Und achten Sie auf das, was nicht gesagt wird. Ein Berater, der Ihnen im ersten Gespräch Ersparnisse verspricht, ohne Ihre Unterlagen gesehen zu haben, verspricht etwas, das er nicht wissen kann. Seriöse Beratung klingt zu Beginn unspektakulär: Sie stellt Fragen, statt Ergebnisse anzukündigen.

Gute Zusammenarbeit beginnt bei Ihren Unterlagen

Der größte Teil dessen, was Sie zahlen, ist Zeit. Wer eine Schachtel mit losen Belegen abgibt, bezahlt jemanden dafür, dass er sortiert. Das ist die teuerste Art, Ordnung zu schaffen, und sie ist vollständig vermeidbar. Sammeln Sie laufend statt einmal im Jahr, und legen Sie ab, was zusammengehört.

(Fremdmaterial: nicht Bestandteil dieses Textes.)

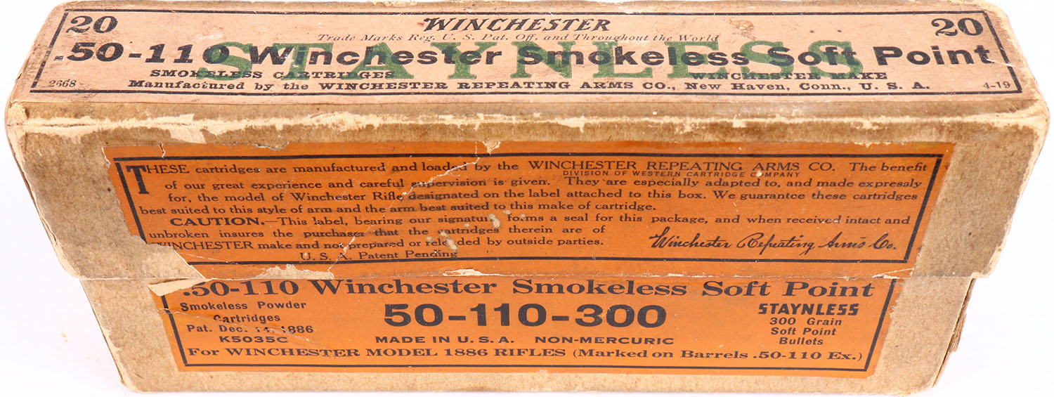 Winchester, Staynless, .50-110-300 Winchester Smokeless Soft Point, Full, 2pc. Buff box with orange labels and ''Staynless'' Over-Stamp, box is solid with very good color, age soiling, some color fading to top, 2 vertical seam splits to right end of lid, one has been repaired, some shelf wear, edge & corner wear, back has been written on, labels are intact, ammo is excellent. Grade: Excellent - Value: 100 to 300

Wenn Sie selbständig sind, gilt das doppelt. Eine saubere, laufend geführte Buchhaltung ist nicht nur billiger in der Bearbeitung. Sie sagt Ihnen unterjährig, wie es steht, statt Sie am Jahresende zu überraschen. Fragen Sie die Kanzlei, welches Verfahren sie bevorzugt, und richten Sie sich danach. Jede Kanzlei arbeitet mit einem eingespielten Weg, und wer sich darauf einlässt, bekommt schnellere und günstigere Arbeit.

Bringen Sie zuletzt Geduld mit. In den Monaten, in denen alle gleichzeitig etwas wollen, ist jede Kanzlei ausgelastet. Wer seine Unterlagen früh abgibt, ist früh dran. Wer wartet, wartet.

Kurz gefasst

Suchen Sie nach Schwerpunkt, nicht nach Nähe, und ordnen Sie vorher Ihren eigenen Fall. Prüfen Sie im ersten Gespräch, ob man Ihnen verständlich erklärt, denn davon hängt alles Weitere ab. Und geben Sie sortierte Unterlagen ab, weil Sie sonst Sortierarbeit zum Beraterhonorar einkaufen.